What you should do:
All the data that follows should be repeated exactly, without a single picture.

Source data:

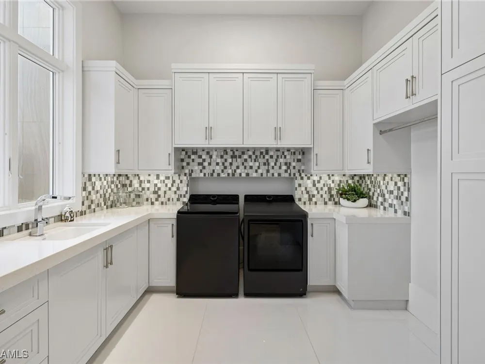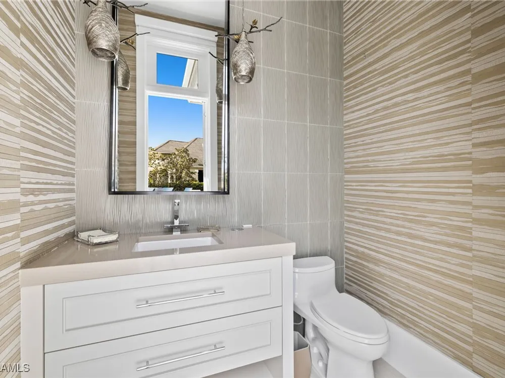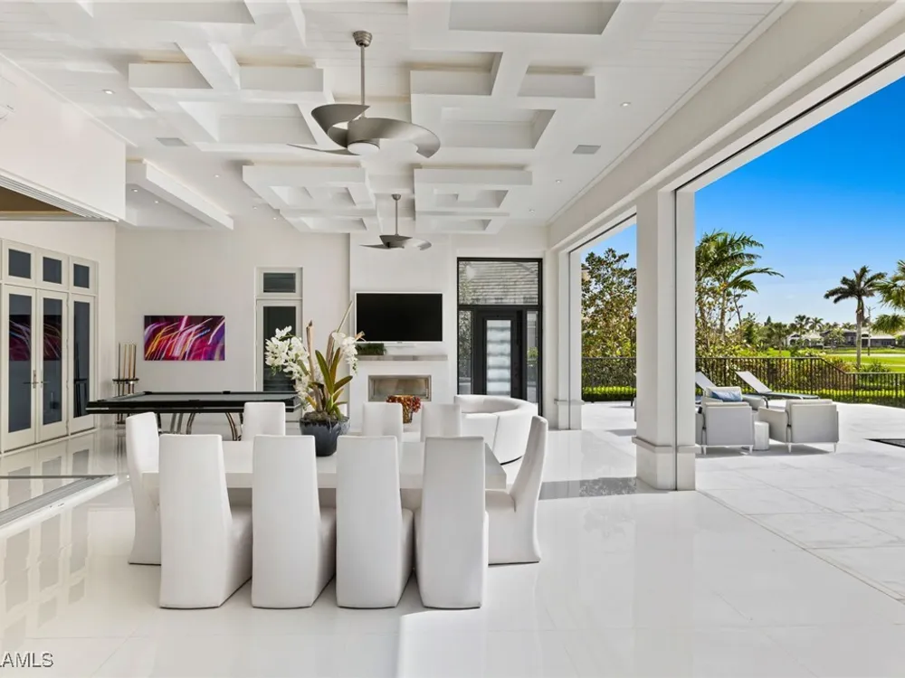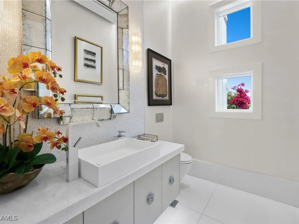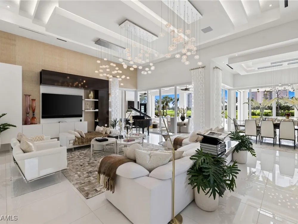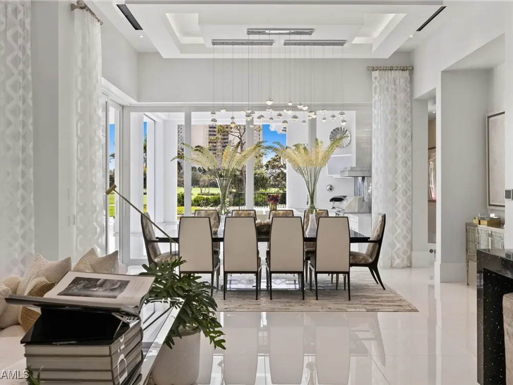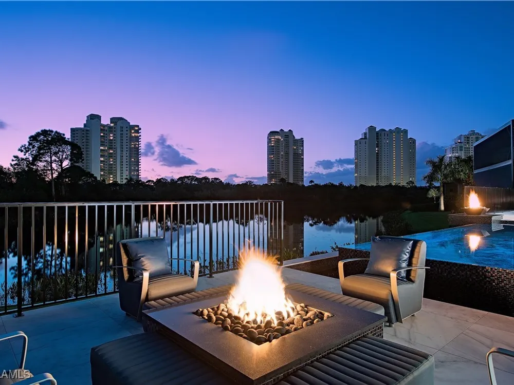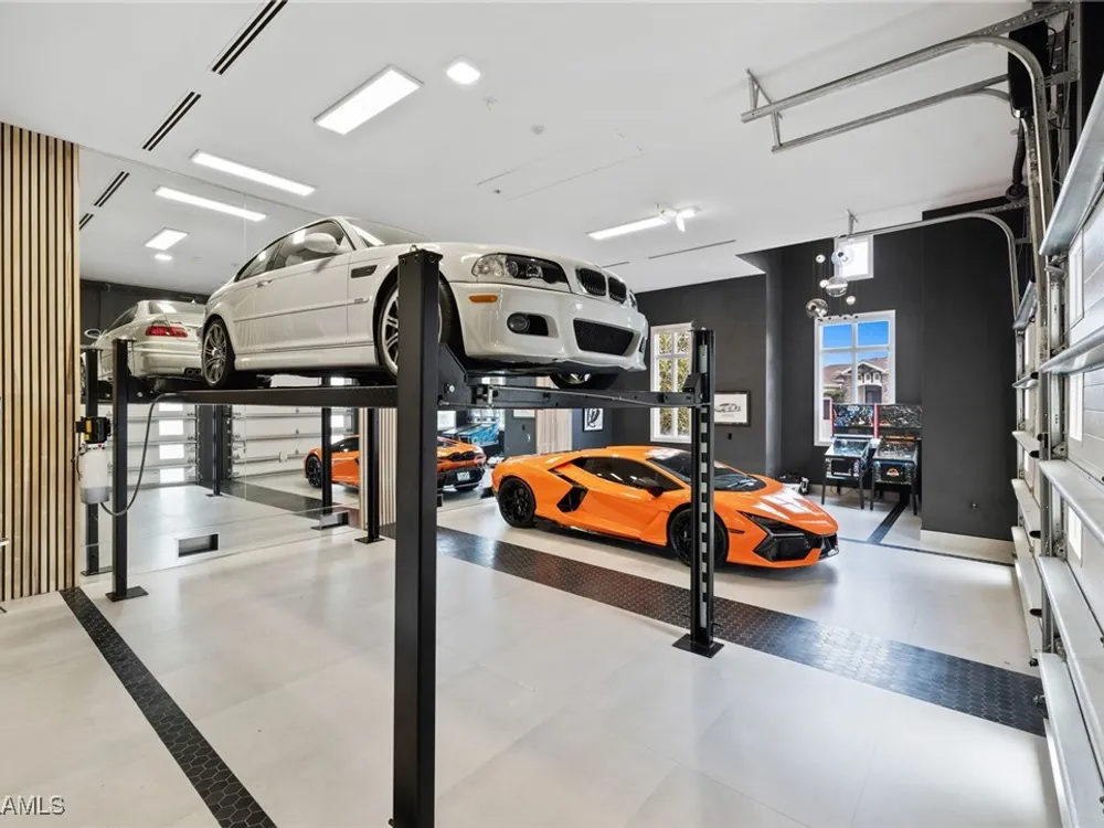 Luxury and sophistication are combined with world-class craftsmanship to deliver this award-winning STOCK custom home in the exclusive Bay Woods at Bonita Bay. Thoughtfully designed by New Architectura in collaboration with Wilfredo Emanuel Designs and Clive Daniel, this Cosmopolitan Chic home was the winner of the prestigious Sand Dollar Award. Situated on a premium lot with unobstructed lake and golf course views, this home boasts 4 bedrooms, 6 bathrooms, bonus room, and an oversized 4-car garage with room for 5 plus cars. As you enter through the grand contemporary steel doors, you are immediately struck by the dramatic geometric ceiling details, white glass tile flooring, suspended lighting, illuminated quartz wine bar and glass-enclosed wine room. The Cosmopolitan theme is carried into the kitchen, featuring glass-faced cabinetry, quartz and semi-precious stone islands with waterfall, Wolf and SubZero built-in paneled appliances, Miele coffee machine, a walk-in pantry and more. The massive primary suite is nothing short of breathtaking. From its white oak flooring to the oversized seating area, dual walk-in closets, mirrored wall panels, textured wallpaper and built-in headboard with custom lighting. As you enter the primary bathroom, you will find two separate water closets, a free-standing tub, oversized shower with multiple heads, gorgeous tile and textured accent walls. Boasting more than 3,000SF of covered space, the outdoor area is a true focal point of the home and features countless upgrades such as electric shutters and screens, bug mist system, gas fireplace and separate fire pit area, massive outdoor kitchen with waterfall quartz counters, geometric ceiling details, white marble pavers, and pool bathroom. Enjoy the sunset views over the infinity edge gas-heated pool and spa. Continuing throughout the home, you will find that every guest bedroom is ensuite and features white oak flooring, walk-in custom closets and each has its own unique design cues such as custom draperies, wallpapers, ceiling and wall details. Showcased by a floor-to-ceiling glass entry, the opulent billiards/bonus room is sure to impress with its custom leather-padded wall and illuminated stone accents. The full-home Control4 smart system provides automated electric blinds throughout, smart lighting switches, indoor and outdoor built-in speakers, security system and more. Bonita Bay offers an array of outstanding amenities and optional memberships, from a private beach club to a full-service marina and multiple dining options. Experience premier golfing with five recently renovated Arthur Hills and Tom Fazio championship courses and three expansive practice facilities. Enjoy miles of scenic walking and biking trails, kayaking, canoeing, boat launch, state-of-the-art fitness center, an 18-court tennis and pickleball complex, numerous community parks and more. This home is truly one-of-a-kind and masterfully designed to impress even the most discerning of buyers.
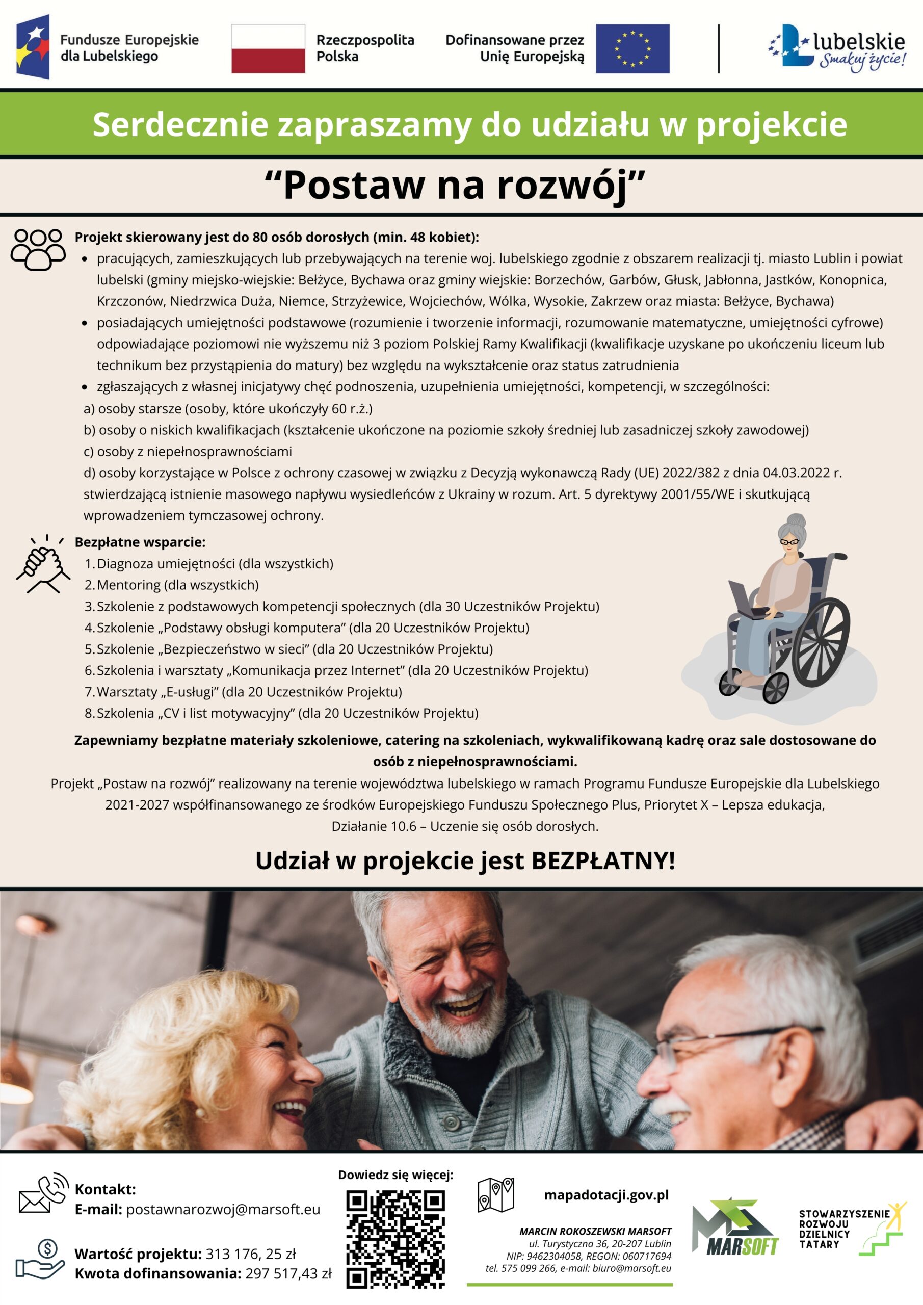 Projekt „Postaw na rozwój” realizowany na terenie województwa lubelskiego w ramach Programu Fundusze Europejskie dla Lubelskiego 2021-2027 współfinansowanego ze środków Europejskiego Funduszu Społecznego Plus, Priorytet X – Lepsza edukacja, Działanie 10.6 – Uczenie się osób dorosłych.
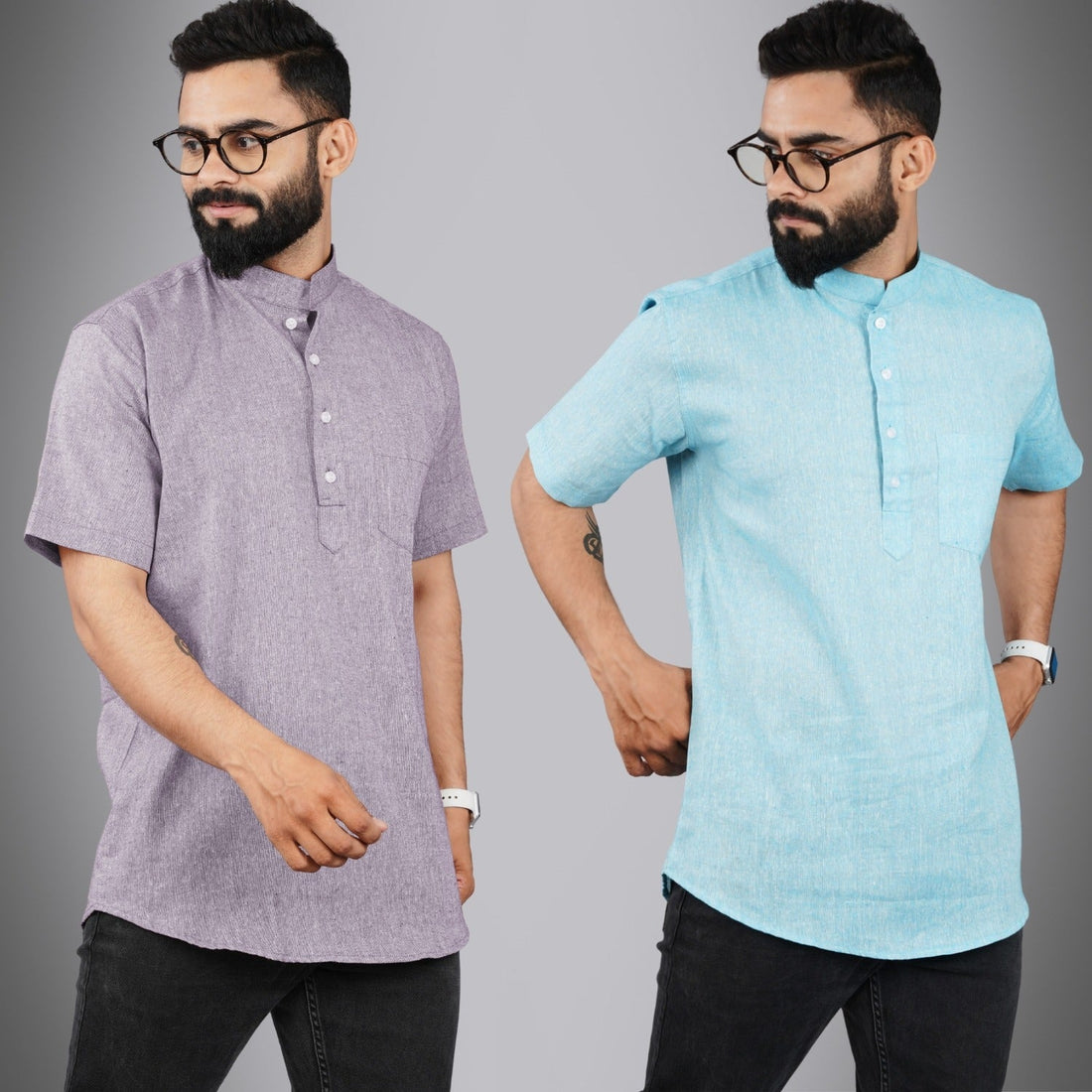 Pack Of 2 Mens Regular Fit Purple And Sky Blue Half Sleeve Cotton Short Kurta Combo

Solution for this exercise:
 Luxury and sophistication are combined with world-class craftsmanship to deliver this award-winning STOCK custom home in the exclusive Bay Woods at Bonita Bay. Thoughtfully designed by New Architectura in collaboration with Wilfredo Emanuel Designs and Clive Daniel, this Cosmopolitan Chic home was the winner of the prestigious Sand Dollar Award. Situated on a premium lot with unobstructed lake and golf course views, this home boasts 4 bedrooms, 6 bathrooms, bonus room, and an oversized 4-car garage with room for 5 plus cars. As you enter through the grand contemporary steel doors, you are immediately struck by the dramatic geometric ceiling details, white glass tile flooring, suspended lighting, illuminated quartz wine bar and glass-enclosed wine room. The Cosmopolitan theme is carried into the kitchen, featuring glass-faced cabinetry, quartz and semi-precious stone islands with waterfall, Wolf and SubZero built-in paneled appliances, Miele coffee machine, a walk-in pantry and more. The massive primary suite is nothing short of breathtaking. From its white oak flooring to the oversized seating area, dual walk-in closets, mirrored wall panels, textured wallpaper and built-in headboard with custom lighting. As you enter the primary bathroom, you will find two separate water closets, a free-standing tub, oversized shower with multiple heads, gorgeous tile and textured accent walls. Boasting more than 3,000SF of covered space, the outdoor area is a true focal point of the home and features countless upgrades such as electric shutters and screens, bug mist system, gas fireplace and separate fire pit area, massive outdoor kitchen with waterfall quartz counters, geometric ceiling details, white marble pavers, and pool bathroom. Enjoy the sunset views over the infinity edge gas-heated pool and spa. Continuing throughout the home, you will find that every guest bedroom is ensuite and features white oak flooring, walk-in custom closets and each has its own unique design cues such as custom draperies, wallpapers, ceiling and wall details. Showcased by a floor-to-ceiling glass entry, the opulent billiards/bonus room is sure to impress with its custom leather-padded wall and illuminated stone accents. The full-home Control4 smart system provides automated electric blinds throughout, smart lighting switches, indoor and outdoor built-in speakers, security system and more. Bonita Bay offers an array of outstanding amenities and optional memberships, from a private beach club to a full-service marina and multiple dining options. Experience premier golfing with five recently renovated Arthur Hills and Tom Fazio championship courses and three expansive practice facilities. Enjoy miles of scenic walking and biking trails, kayaking, canoeing, boat launch, state-of-the-art fitness center, an 18-court tennis and pickleball complex, numerous community parks and more. This home is truly one-of-a-kind and masterfully designed to impress even the most discerning of buyers.
 Projekt „Postaw na rozwój” realizowany na terenie województwa lubelskiego w ramach Programu Fundusze Europejskie dla Lubelskiego 2021-2027 współfinansowanego ze środków Europejskiego Funduszu Społecznego Plus, Priorytet X – Lepsza edukacja, Działanie 10.6 – Uczenie się osób dorosłych.
 Pack Of 2 Mens Regular Fit Purple And Sky Blue Half Sleeve Cotton Short Kurta Combo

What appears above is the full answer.